What you should do -
Given the records underneath, please repeat exactly the lines from the line with "为推进万象城官网2020年一" through the line with "侧身是教科书级的运动轿跑比例", passing over any picture.

Data supplied -
--------------------

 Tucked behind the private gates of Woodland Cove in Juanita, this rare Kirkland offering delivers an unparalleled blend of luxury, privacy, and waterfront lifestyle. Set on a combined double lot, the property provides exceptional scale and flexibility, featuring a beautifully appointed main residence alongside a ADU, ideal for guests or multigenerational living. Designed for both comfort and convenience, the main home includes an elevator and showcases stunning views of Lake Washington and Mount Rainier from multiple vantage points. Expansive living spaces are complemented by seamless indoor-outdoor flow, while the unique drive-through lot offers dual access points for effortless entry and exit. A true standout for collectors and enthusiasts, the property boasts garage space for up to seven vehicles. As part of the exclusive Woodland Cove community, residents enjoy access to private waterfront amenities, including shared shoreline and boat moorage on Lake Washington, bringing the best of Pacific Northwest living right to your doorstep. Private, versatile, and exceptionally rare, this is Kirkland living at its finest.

--------------------

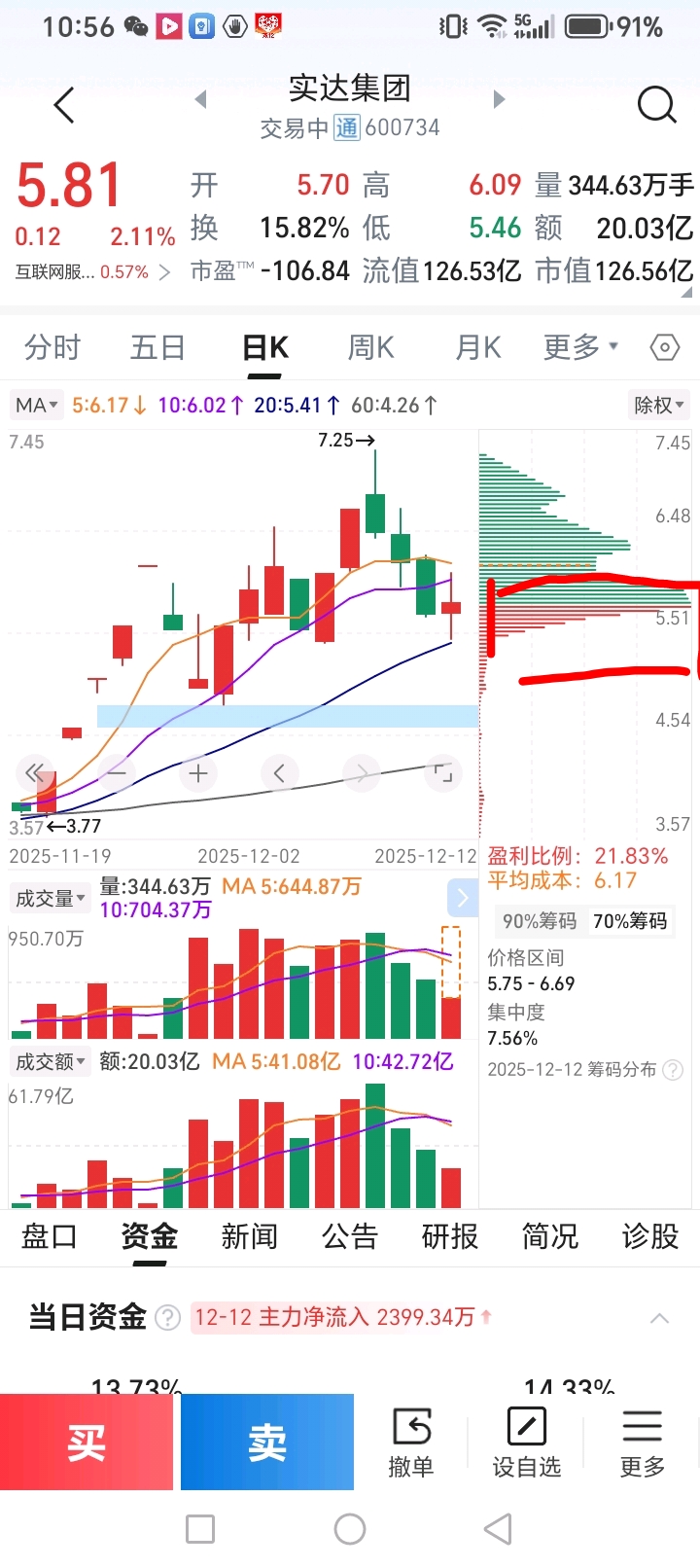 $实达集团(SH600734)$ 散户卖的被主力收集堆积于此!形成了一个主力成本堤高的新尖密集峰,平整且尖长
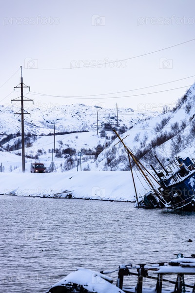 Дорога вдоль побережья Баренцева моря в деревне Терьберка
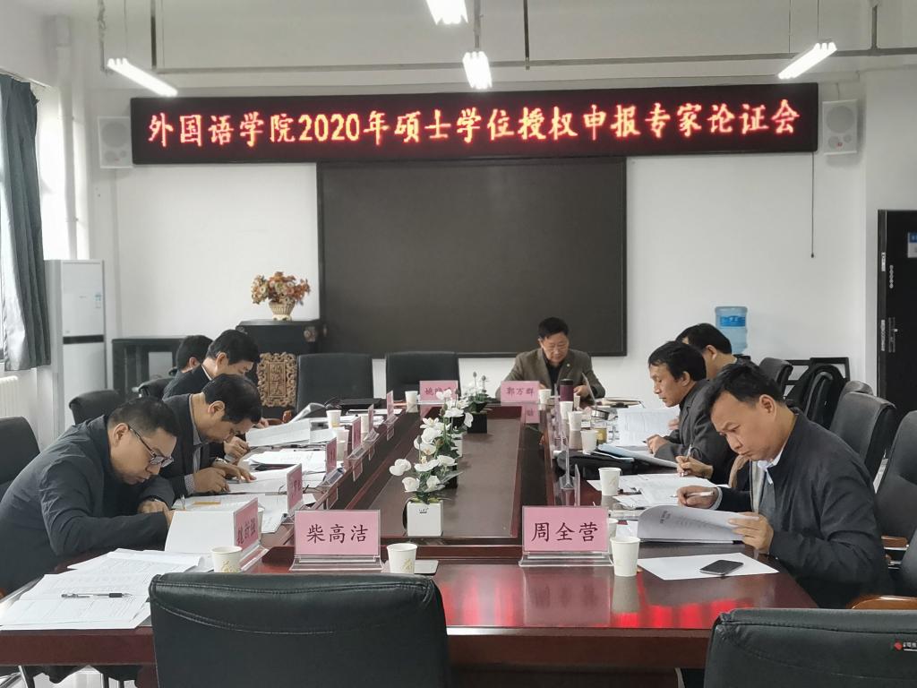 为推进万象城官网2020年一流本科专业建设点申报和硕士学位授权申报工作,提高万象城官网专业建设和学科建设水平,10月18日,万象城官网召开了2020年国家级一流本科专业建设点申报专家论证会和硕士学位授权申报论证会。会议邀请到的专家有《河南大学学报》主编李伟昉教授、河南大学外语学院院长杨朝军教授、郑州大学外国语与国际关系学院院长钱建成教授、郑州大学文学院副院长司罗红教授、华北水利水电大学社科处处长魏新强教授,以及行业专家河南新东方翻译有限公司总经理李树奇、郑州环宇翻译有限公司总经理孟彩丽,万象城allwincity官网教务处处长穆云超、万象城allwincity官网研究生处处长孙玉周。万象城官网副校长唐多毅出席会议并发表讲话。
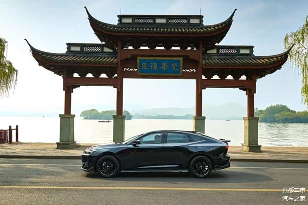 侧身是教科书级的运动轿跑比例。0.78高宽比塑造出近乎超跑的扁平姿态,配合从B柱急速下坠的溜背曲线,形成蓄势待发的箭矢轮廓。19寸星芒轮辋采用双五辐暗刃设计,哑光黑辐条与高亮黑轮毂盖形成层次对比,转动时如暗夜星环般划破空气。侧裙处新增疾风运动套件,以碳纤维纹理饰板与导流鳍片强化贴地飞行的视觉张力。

--------------------

Exercise result -
 为推进万象城官网2020年一流本科专业建设点申报和硕士学位授权申报工作,提高万象城官网专业建设和学科建设水平,10月18日,万象城官网召开了2020年国家级一流本科专业建设点申报专家论证会和硕士学位授权申报论证会。会议邀请到的专家有《河南大学学报》主编李伟昉教授、河南大学外语学院院长杨朝军教授、郑州大学外国语与国际关系学院院长钱建成教授、郑州大学文学院副院长司罗红教授、华北水利水电大学社科处处长魏新强教授,以及行业专家河南新东方翻译有限公司总经理李树奇、郑州环宇翻译有限公司总经理孟彩丽,万象城allwincity官网教务处处长穆云超、万象城allwincity官网研究生处处长孙玉周。万象城官网副校长唐多毅出席会议并发表讲话。
 侧身是教科书级的运动轿跑比例。0.78高宽比塑造出近乎超跑的扁平姿态,配合从B柱急速下坠的溜背曲线,形成蓄势待发的箭矢轮廓。19寸星芒轮辋采用双五辐暗刃设计,哑光黑辐条与高亮黑轮毂盖形成层次对比,转动时如暗夜星环般划破空气。侧裙处新增疾风运动套件,以碳纤维纹理饰板与导流鳍片强化贴地飞行的视觉张力。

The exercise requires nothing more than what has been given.